═════ EXERCISE MATERIALS

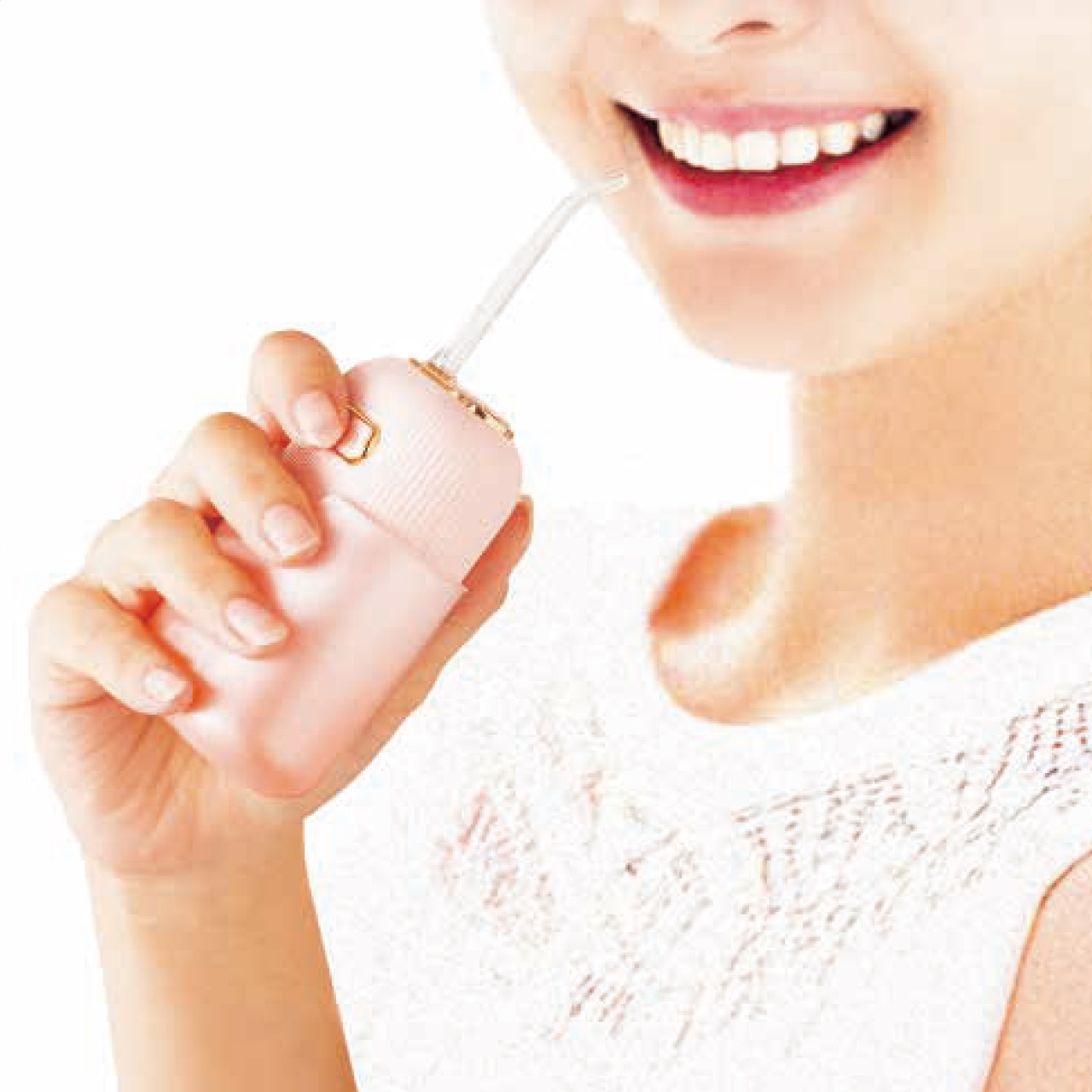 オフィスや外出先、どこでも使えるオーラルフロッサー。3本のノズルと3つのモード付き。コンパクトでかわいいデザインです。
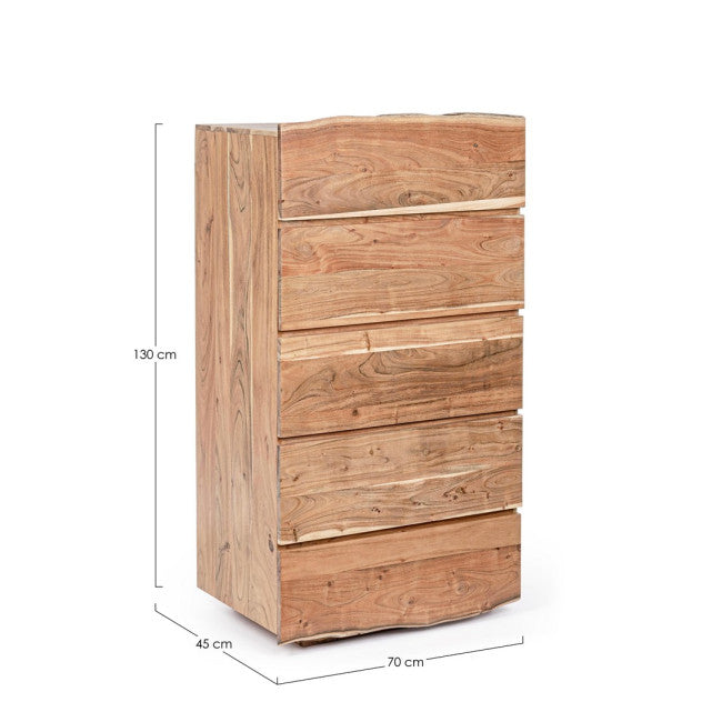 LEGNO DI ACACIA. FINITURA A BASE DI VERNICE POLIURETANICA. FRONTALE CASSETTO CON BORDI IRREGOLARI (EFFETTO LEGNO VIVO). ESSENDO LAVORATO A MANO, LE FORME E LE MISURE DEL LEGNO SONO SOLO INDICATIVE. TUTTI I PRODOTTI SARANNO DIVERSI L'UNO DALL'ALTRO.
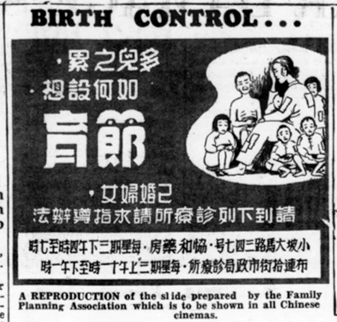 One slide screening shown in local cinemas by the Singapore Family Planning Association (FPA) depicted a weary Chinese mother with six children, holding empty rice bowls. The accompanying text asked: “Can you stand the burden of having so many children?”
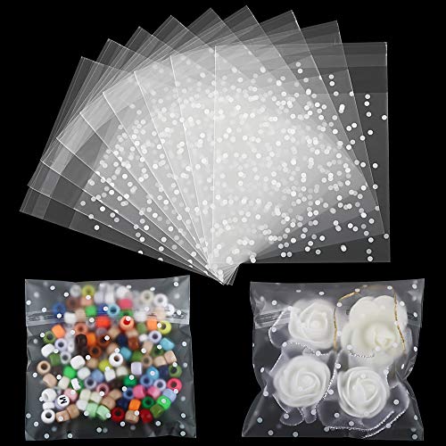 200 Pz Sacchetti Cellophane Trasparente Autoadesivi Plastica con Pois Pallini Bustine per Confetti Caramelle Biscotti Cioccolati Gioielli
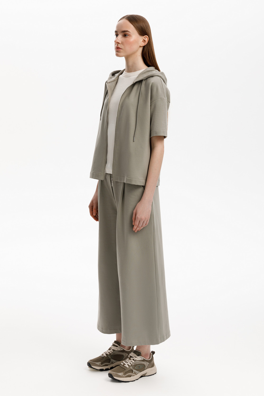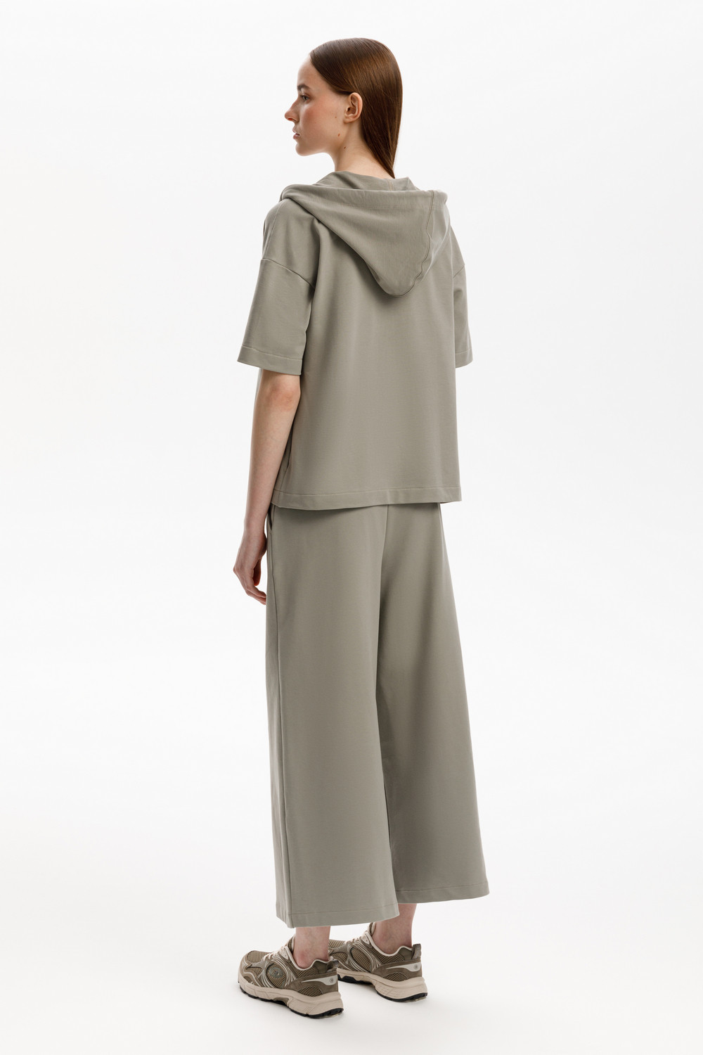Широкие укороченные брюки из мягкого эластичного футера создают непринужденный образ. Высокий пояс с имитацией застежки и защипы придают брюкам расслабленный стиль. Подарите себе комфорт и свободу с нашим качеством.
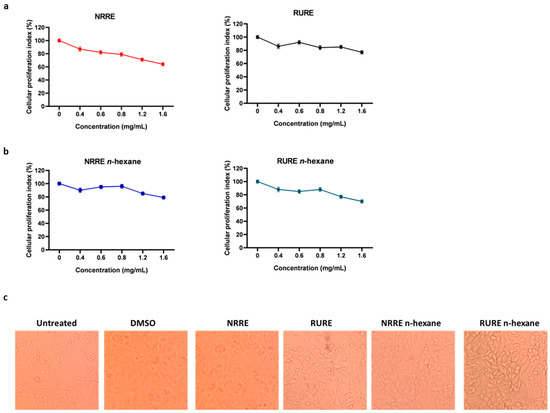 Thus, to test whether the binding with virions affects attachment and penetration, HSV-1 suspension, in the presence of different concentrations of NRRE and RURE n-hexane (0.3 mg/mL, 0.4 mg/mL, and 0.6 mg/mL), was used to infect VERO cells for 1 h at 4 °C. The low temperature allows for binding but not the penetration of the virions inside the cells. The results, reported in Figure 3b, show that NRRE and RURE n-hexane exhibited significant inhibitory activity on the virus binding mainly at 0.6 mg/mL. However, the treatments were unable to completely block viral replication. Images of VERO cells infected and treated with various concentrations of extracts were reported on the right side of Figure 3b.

══════════
═════ EXERCISE MATERIALS

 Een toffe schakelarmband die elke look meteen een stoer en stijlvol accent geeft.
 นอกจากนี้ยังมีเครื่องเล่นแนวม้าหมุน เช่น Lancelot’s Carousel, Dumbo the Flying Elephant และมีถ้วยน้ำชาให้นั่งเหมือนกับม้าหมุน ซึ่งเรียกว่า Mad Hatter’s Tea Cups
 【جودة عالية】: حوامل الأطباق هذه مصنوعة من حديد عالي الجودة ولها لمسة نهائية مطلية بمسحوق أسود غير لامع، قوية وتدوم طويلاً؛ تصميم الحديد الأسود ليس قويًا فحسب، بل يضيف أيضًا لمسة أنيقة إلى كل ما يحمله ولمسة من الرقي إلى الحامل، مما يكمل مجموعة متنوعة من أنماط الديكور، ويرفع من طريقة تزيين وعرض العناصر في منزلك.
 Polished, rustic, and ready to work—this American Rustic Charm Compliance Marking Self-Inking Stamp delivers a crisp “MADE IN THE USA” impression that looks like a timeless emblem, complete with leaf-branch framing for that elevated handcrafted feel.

══════════
═════ EXERCISE MATERIALS

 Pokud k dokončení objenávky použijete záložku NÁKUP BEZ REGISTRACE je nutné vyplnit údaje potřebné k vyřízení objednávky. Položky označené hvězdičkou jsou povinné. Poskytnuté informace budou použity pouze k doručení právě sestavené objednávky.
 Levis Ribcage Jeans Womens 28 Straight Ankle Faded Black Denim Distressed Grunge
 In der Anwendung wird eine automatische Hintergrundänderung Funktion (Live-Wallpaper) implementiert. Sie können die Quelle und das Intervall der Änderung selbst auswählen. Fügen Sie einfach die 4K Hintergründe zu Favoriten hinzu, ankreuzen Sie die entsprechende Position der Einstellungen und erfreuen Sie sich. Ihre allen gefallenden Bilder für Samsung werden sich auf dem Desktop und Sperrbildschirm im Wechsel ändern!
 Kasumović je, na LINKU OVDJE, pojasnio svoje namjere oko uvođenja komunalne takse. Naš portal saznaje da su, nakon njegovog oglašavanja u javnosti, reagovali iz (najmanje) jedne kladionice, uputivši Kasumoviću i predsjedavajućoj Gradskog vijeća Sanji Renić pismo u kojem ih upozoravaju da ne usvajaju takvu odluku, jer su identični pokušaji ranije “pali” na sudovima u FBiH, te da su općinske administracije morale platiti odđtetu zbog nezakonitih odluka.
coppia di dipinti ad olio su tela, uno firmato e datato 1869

══════════

## EXERCISE DIRECTIONS:
Proceeding from the line containing "นอกจากนี้ยังมีเครื่องเล่นแนวม้าหมุน เช่น Lancelot’s" through the line containing "Polished, rustic, and", transcribe the lines above exactly, both end lines included.

## RESPONSE:
 นอกจากนี้ยังมีเครื่องเล่นแนวม้าหมุน เช่น Lancelot’s Carousel, Dumbo the Flying Elephant และมีถ้วยน้ำชาให้นั่งเหมือนกับม้าหมุน ซึ่งเรียกว่า Mad Hatter’s Tea Cups
 【جودة عالية】: حوامل الأطباق هذه مصنوعة من حديد عالي الجودة ولها لمسة نهائية مطلية بمسحوق أسود غير لامع، قوية وتدوم طويلاً؛ تصميم الحديد الأسود ليس قويًا فحسب، بل يضيف أيضًا لمسة أنيقة إلى كل ما يحمله ولمسة من الرقي إلى الحامل، مما يكمل مجموعة متنوعة من أنماط الديكور، ويرفع من طريقة تزيين وعرض العناصر في منزلك.
 Polished, rustic, and ready to work—this American Rustic Charm Compliance Marking Self-Inking Stamp delivers a crisp “MADE IN THE USA” impression that looks like a timeless emblem, complete with leaf-branch framing for that elevated handcrafted feel.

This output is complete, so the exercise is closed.